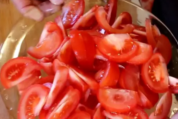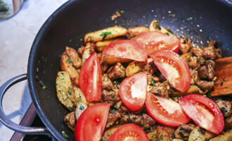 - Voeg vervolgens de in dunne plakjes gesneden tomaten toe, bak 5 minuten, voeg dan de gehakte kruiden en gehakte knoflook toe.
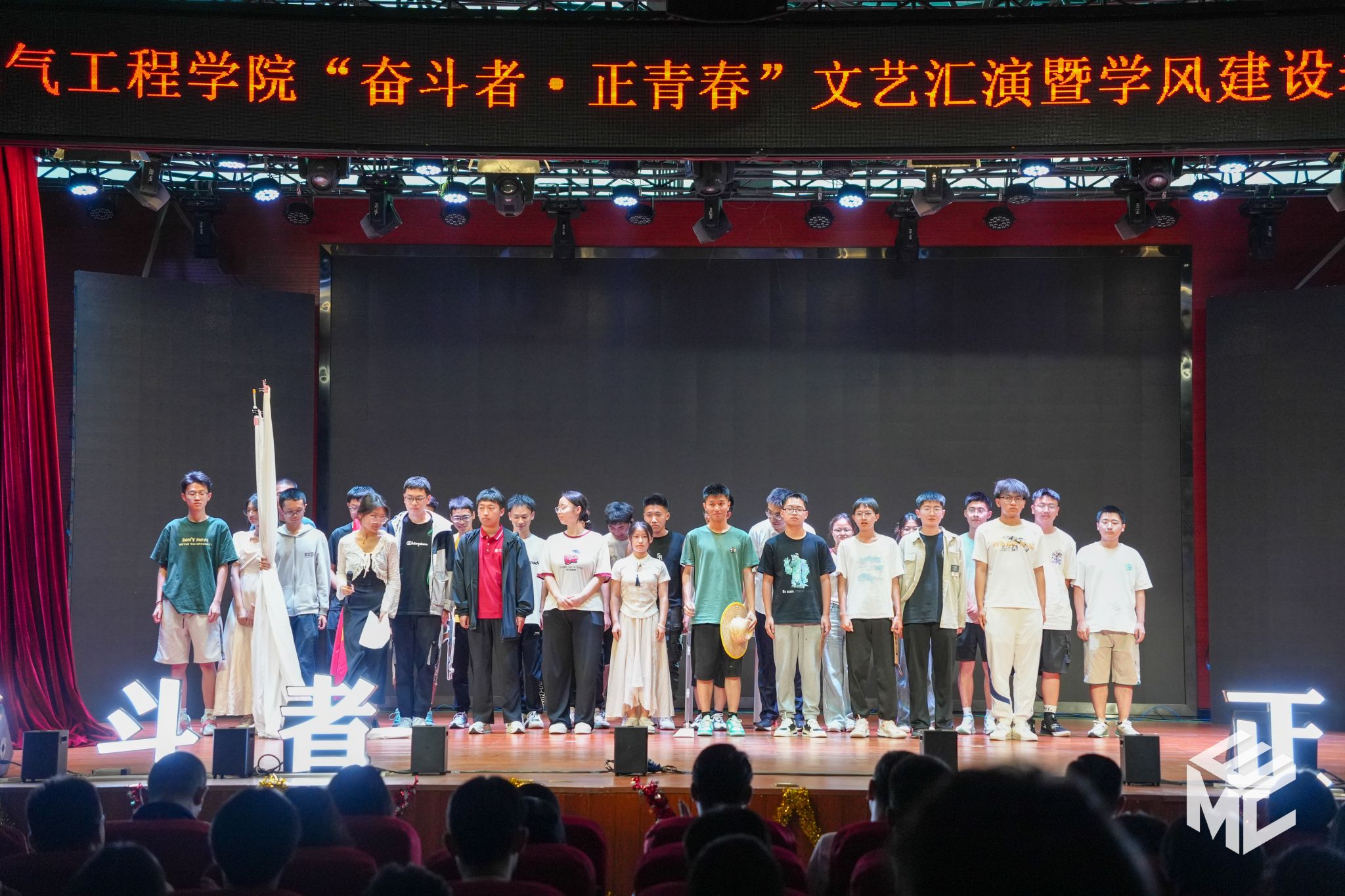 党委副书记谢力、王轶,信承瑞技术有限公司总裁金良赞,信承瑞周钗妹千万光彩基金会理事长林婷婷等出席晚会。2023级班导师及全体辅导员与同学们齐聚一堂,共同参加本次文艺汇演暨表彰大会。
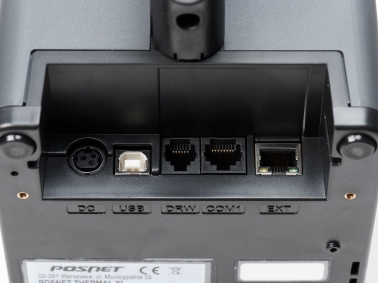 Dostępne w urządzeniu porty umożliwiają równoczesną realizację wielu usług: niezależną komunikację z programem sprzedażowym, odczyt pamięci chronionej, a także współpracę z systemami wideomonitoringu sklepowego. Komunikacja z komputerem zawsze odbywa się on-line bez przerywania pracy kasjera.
____________________
**WHAT IS REQUIRED**: Copy out all the data above exactly, minus the images.

**SOLUTION TO THIS TASK**:
 - Voeg vervolgens de in dunne plakjes gesneden tomaten toe, bak 5 minuten, voeg dan de gehakte kruiden en gehakte knoflook toe.
 党委副书记谢力、王轶,信承瑞技术有限公司总裁金良赞,信承瑞周钗妹千万光彩基金会理事长林婷婷等出席晚会。2023级班导师及全体辅导员与同学们齐聚一堂,共同参加本次文艺汇演暨表彰大会。
 Dostępne w urządzeniu porty umożliwiają równoczesną realizację wielu usług: niezależną komunikację z programem sprzedażowym, odczyt pamięci chronionej, a także współpracę z systemami wideomonitoringu sklepowego. Komunikacja z komputerem zawsze odbywa się on-line bez przerywania pracy kasjera.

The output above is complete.